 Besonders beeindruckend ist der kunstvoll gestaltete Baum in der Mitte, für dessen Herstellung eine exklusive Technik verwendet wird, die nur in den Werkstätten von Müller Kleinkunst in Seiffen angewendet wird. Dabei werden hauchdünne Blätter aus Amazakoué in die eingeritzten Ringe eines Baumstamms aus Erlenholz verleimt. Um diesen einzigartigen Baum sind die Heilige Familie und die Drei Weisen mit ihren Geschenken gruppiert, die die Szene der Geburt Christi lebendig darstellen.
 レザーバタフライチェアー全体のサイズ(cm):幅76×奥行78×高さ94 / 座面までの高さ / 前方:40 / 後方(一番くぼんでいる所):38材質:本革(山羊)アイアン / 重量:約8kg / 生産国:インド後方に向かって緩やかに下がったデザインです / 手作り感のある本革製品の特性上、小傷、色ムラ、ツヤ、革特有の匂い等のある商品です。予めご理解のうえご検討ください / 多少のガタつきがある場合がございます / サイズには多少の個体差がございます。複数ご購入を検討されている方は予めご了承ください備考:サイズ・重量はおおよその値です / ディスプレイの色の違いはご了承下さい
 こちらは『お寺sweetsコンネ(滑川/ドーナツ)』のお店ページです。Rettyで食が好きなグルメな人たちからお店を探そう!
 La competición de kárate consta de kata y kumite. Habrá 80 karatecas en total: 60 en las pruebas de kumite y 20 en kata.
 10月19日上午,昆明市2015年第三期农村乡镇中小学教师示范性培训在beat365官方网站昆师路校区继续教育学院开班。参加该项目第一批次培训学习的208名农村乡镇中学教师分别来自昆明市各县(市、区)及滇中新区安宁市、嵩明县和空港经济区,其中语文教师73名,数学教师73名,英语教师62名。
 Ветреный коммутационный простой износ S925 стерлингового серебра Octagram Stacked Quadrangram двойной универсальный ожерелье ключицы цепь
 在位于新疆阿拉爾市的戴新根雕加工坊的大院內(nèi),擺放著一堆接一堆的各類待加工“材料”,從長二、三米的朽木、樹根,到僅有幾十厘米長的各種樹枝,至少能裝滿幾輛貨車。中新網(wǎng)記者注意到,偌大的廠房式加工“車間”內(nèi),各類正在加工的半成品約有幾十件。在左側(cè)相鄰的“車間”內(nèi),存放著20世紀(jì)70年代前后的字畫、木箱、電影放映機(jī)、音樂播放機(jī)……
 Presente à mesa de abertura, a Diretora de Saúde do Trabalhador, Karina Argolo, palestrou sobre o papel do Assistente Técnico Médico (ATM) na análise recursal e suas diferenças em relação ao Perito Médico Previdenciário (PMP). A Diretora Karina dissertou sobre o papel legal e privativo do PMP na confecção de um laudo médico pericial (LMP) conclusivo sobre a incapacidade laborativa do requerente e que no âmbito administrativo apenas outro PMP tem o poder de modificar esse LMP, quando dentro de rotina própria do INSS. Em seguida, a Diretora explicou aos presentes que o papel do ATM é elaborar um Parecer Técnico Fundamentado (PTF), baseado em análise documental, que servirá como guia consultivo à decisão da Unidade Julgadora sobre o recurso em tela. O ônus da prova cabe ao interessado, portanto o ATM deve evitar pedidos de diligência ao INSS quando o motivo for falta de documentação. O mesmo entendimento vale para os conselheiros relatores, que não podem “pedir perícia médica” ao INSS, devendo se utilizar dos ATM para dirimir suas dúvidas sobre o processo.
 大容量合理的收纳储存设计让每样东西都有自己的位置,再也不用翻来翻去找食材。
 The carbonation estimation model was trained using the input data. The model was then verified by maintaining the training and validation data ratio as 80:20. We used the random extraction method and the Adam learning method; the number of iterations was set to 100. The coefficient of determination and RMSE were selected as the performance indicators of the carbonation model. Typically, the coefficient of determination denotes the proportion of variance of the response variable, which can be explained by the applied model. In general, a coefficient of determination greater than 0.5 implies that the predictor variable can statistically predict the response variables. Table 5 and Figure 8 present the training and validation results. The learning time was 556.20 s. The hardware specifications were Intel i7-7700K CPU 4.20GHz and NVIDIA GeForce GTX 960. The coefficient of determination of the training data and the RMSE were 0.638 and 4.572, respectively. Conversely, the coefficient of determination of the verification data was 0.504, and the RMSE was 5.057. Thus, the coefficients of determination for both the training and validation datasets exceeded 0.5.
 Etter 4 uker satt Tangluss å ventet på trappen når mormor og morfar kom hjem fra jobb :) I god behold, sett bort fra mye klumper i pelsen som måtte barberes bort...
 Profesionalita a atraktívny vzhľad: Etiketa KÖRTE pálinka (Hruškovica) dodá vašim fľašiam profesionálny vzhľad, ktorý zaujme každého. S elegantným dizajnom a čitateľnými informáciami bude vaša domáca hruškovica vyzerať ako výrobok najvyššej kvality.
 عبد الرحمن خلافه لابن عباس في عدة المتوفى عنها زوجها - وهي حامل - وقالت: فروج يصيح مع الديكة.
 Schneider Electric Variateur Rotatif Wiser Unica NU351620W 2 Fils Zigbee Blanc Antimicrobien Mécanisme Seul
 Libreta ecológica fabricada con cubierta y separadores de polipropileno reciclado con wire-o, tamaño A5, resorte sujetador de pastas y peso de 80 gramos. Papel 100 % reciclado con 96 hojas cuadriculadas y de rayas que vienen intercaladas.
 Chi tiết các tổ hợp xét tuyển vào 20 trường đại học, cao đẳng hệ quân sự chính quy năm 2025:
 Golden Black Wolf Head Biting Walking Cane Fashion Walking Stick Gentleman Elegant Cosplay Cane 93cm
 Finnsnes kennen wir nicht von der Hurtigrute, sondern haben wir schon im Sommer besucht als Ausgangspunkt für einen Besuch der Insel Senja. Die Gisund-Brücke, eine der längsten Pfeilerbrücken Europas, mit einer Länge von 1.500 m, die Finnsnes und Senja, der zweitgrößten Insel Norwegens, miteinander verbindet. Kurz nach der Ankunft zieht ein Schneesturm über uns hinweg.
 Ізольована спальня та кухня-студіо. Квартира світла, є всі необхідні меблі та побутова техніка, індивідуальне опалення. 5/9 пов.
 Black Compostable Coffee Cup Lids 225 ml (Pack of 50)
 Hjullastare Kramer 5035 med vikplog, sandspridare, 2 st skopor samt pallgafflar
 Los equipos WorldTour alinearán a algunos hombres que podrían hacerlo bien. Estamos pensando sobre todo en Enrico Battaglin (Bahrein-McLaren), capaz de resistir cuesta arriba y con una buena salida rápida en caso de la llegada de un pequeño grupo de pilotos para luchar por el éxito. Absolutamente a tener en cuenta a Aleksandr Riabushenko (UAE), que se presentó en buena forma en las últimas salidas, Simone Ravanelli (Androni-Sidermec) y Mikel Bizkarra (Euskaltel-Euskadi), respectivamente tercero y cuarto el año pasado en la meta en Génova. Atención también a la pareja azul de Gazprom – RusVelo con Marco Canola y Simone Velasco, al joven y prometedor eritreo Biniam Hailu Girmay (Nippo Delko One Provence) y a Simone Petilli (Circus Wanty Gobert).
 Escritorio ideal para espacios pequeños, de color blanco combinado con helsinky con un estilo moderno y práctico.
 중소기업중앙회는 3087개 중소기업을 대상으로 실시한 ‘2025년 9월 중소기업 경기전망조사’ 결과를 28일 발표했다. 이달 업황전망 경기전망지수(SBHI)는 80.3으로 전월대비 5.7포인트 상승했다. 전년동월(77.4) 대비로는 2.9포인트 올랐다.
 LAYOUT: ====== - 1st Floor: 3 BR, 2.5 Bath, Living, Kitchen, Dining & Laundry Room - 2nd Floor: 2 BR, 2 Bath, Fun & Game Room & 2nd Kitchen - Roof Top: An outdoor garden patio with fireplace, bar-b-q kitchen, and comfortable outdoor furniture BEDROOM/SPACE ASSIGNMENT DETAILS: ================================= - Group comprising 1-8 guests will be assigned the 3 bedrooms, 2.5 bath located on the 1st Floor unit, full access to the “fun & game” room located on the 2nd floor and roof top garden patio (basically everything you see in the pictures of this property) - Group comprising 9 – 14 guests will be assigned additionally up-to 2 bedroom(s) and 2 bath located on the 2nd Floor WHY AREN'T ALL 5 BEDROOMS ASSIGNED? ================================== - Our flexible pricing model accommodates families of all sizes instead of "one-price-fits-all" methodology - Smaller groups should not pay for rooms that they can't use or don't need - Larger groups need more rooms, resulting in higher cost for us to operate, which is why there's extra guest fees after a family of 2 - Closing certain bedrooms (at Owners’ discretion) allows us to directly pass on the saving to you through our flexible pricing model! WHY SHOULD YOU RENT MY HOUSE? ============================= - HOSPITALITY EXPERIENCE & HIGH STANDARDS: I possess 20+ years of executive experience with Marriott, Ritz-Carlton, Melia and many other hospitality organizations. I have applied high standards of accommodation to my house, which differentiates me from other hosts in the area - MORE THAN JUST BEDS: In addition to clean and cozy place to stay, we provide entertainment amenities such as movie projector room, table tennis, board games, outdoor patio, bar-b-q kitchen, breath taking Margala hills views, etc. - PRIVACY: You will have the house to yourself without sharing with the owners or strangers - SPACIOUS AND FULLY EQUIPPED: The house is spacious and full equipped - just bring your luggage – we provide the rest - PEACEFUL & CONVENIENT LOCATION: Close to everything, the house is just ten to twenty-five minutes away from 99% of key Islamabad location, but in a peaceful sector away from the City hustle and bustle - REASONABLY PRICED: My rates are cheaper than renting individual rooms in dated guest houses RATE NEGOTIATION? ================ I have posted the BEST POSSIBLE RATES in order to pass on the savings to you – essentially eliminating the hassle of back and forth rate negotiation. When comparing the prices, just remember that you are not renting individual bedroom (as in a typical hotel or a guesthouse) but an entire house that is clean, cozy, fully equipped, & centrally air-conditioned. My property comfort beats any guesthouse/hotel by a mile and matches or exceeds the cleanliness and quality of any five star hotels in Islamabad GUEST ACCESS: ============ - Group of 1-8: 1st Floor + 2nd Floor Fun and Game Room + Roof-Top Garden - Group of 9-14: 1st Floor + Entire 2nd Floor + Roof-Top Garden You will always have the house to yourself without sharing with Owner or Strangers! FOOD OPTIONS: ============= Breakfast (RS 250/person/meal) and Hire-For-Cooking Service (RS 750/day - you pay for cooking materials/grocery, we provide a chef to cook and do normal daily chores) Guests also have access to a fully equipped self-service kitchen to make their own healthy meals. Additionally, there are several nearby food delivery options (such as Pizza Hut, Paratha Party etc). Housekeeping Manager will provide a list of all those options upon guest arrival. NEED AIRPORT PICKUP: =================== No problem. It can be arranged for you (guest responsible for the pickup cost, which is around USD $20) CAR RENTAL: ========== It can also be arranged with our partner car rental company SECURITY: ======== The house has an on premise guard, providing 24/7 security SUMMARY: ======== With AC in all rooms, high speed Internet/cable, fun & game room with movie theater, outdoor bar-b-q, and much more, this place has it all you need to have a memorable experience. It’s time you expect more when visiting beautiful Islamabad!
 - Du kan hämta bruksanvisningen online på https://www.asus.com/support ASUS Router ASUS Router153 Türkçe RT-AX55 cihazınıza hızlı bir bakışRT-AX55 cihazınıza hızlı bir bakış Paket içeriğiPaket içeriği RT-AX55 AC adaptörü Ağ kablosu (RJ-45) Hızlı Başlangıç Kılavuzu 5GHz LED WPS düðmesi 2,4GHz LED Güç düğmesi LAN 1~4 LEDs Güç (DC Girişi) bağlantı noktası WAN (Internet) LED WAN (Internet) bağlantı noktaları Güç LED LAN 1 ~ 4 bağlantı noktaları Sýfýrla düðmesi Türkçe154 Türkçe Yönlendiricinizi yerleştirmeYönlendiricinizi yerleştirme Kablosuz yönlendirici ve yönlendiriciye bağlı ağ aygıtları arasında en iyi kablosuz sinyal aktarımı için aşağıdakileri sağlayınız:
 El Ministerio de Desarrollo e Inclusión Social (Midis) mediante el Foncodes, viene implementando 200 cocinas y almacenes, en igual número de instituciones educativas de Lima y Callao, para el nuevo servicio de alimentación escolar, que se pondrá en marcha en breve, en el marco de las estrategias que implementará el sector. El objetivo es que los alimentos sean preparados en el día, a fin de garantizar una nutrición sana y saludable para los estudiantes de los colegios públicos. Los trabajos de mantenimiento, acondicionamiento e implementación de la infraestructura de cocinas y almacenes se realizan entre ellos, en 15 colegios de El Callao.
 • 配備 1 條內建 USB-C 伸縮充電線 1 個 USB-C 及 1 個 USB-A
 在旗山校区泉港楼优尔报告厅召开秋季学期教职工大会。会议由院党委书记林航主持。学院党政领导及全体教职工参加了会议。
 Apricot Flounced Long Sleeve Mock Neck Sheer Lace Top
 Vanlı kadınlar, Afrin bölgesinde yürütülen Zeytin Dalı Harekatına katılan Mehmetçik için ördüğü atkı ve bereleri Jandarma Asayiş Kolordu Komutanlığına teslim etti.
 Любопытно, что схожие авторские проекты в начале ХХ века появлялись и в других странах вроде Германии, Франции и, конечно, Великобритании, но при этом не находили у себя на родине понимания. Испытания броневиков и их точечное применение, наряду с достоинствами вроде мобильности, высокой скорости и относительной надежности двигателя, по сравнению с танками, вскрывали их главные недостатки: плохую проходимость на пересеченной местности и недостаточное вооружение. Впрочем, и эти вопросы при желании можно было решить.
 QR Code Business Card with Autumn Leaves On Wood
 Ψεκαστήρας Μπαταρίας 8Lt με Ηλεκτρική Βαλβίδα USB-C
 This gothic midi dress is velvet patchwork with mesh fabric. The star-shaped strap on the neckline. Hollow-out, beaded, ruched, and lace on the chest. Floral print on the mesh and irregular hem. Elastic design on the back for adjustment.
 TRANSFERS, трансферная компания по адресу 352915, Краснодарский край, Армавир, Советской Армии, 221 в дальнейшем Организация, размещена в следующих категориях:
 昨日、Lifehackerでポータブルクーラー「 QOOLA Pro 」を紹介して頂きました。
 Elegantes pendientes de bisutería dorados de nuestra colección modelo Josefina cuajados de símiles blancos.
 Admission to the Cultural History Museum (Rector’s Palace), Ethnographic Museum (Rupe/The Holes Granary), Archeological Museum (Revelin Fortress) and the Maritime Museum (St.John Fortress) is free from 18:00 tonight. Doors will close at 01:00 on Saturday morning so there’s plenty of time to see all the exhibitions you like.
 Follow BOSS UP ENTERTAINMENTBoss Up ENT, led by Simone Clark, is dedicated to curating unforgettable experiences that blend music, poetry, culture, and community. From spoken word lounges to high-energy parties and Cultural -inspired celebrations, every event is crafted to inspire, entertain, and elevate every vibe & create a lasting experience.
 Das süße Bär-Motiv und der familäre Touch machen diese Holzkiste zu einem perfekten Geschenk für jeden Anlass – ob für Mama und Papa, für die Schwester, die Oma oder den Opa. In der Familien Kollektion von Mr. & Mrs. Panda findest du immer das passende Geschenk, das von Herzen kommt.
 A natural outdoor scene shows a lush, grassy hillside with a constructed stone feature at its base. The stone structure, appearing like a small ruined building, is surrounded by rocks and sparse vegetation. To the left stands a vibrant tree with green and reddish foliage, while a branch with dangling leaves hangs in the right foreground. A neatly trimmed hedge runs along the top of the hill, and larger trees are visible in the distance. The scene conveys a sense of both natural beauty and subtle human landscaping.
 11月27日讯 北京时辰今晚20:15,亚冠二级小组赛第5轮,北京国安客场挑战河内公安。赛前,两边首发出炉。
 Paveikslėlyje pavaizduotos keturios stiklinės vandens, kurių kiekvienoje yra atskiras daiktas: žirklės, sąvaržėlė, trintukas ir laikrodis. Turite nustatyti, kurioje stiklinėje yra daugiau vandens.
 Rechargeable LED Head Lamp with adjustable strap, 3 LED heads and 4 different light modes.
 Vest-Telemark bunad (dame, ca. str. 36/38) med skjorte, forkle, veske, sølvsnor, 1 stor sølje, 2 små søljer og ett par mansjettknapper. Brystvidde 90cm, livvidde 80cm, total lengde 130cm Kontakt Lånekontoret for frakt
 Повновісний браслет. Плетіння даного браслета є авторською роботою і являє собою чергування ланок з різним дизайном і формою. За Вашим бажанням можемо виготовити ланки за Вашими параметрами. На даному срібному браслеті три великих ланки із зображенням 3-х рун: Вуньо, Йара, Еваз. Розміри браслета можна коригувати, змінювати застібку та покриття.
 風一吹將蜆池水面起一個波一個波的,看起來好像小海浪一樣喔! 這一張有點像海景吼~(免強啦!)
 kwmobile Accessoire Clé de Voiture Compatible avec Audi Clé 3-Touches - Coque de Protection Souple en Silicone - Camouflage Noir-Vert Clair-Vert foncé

Requirement — Every line in the records above with the string "Head" in it should be shown.

Solution —
 Golden Black Wolf Head Biting Walking Cane Fashion Walking Stick Gentleman Elegant Cosplay Cane 93cm
 Rechargeable LED Head Lamp with adjustable strap, 3 LED heads and 4 different light modes.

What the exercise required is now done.